[Work order]:
Output exactly, and only, the lines below from the one with "鎌付デッドボルトを2つ装備し" down to the one with "キャベツと大根おろしが最初の基本セットのようです。". Include both end lines and no pictures.

[Dataset records]:
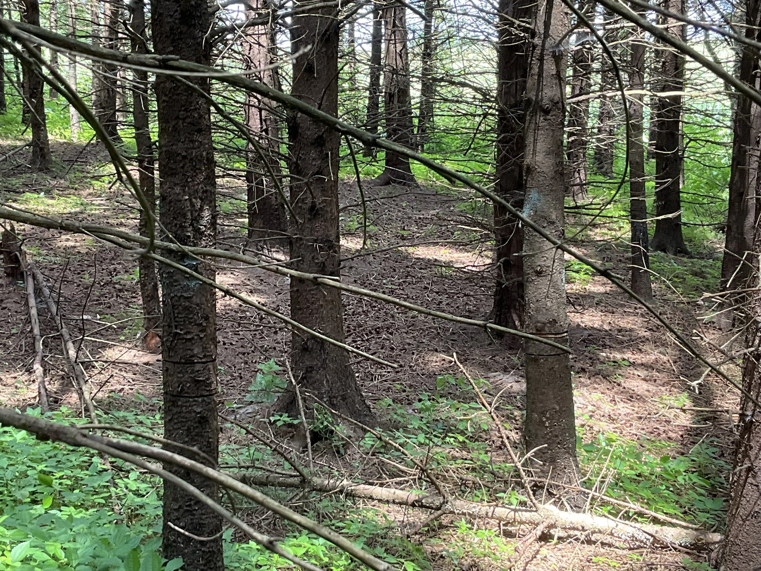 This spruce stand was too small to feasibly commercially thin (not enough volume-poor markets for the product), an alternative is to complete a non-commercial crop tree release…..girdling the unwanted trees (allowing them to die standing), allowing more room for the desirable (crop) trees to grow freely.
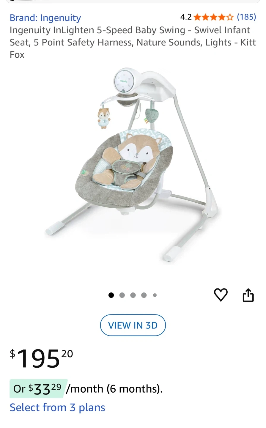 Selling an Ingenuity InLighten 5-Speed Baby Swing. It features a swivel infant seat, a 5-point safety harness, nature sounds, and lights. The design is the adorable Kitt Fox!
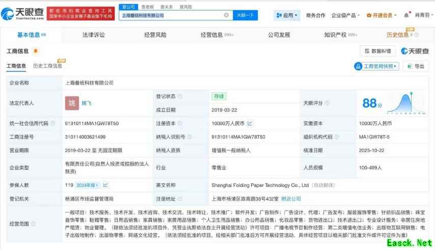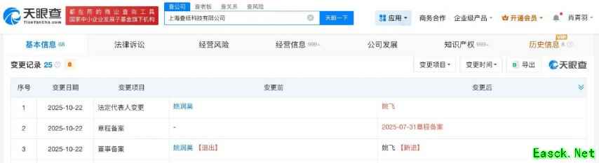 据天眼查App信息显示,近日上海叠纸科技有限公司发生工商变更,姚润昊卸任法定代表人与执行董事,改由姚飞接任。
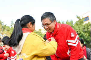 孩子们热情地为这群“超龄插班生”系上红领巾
--
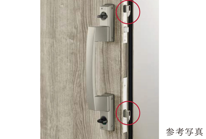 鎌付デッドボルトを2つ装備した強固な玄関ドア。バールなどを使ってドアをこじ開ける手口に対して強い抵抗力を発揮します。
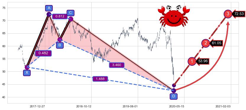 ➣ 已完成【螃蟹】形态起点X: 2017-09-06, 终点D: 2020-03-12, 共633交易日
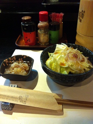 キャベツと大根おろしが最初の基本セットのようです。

[Solution for this task]:
 鎌付デッドボルトを2つ装備した強固な玄関ドア。バールなどを使ってドアをこじ開ける手口に対して強い抵抗力を発揮します。
 ➣ 已完成【螃蟹】形态起点X: 2017-09-06, 终点D: 2020-03-12, 共633交易日
 キャベツと大根おろしが最初の基本セットのようです。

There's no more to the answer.